There is considerable interest in the longer-term consequences of play behaviour (e.g. Graham and Burghardt, 2010). Our study ceased at weaning. However it is worth noting that a recent study by Rauw (2013) on play in older (weaned) pigs, found that the litter of origin affected the number of play movements and time spent in play behaviour. This suggests that the litter effects we observed in our pre-weaning study may persist into the post-weaning phase of life.

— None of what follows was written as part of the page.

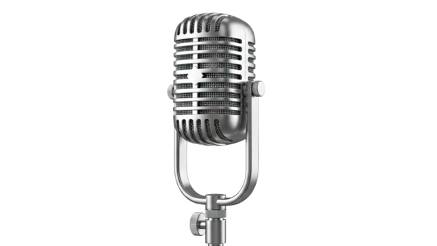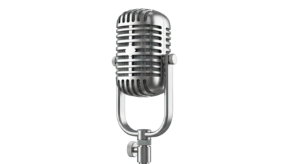 Vintage silver microphone isolated PNG, retro recording equipment for music production and broadcasting on transparent background

In relation to animal welfare there has been increasing interest in the concept of ‘positive welfare’ (i.e. moving beyond providing for minimal welfare standards; e.g. Yeates and Main, 2008), and play behaviour has been proposed as a potential indicator for enhanced, positive welfare states (e.g. Lawrence, 1987, Held and Spinka, 2011). The results we present here support using play as an indicator of positive welfare in the pre-weaned pig. The litter differences in play we observed were associated positively with physical development (birth weight and weight change between birth and weaning). If play is to be used as an indicator of positive welfare in a practical setting then we will need to develop efficient approaches for measuring play. Previously Newberry et al. (1988) proposed the use of specific play elements as ‘play markers’. In this study the proportion of counts ‘run’ and ‘flop’ were positively correlated with total play suggesting these behavioural elements have the potential to be used as play markers in future studies of play in pre-weaned pigs. Future work should aim to examine why litters show differences in play behaviour, both in total play and elements of play, and what effect this may have on the piglets’ development.

Conclusions

As far as we are aware this is one of only a few studies that have set out to look for stable individual differences in play behaviour and the first time litter differences in play behaviour have been shown in pre-weaning pigs. The litter differences in play we observed, appear independent of activity levels, and were associated strongly with post-natal growth. We also found some evidence of pre-natal developmental effects on play and confirmed previously observed sex effects on the different categories of play. We conclude that the study of differences between litters and individuals provides a robust approach to understanding factors potentially influencing play behaviour in the pig. This work also provides support for the use of play as a welfare indicator in pre-weaned piglets as the litter differences in play we observed were associated positively with physical development.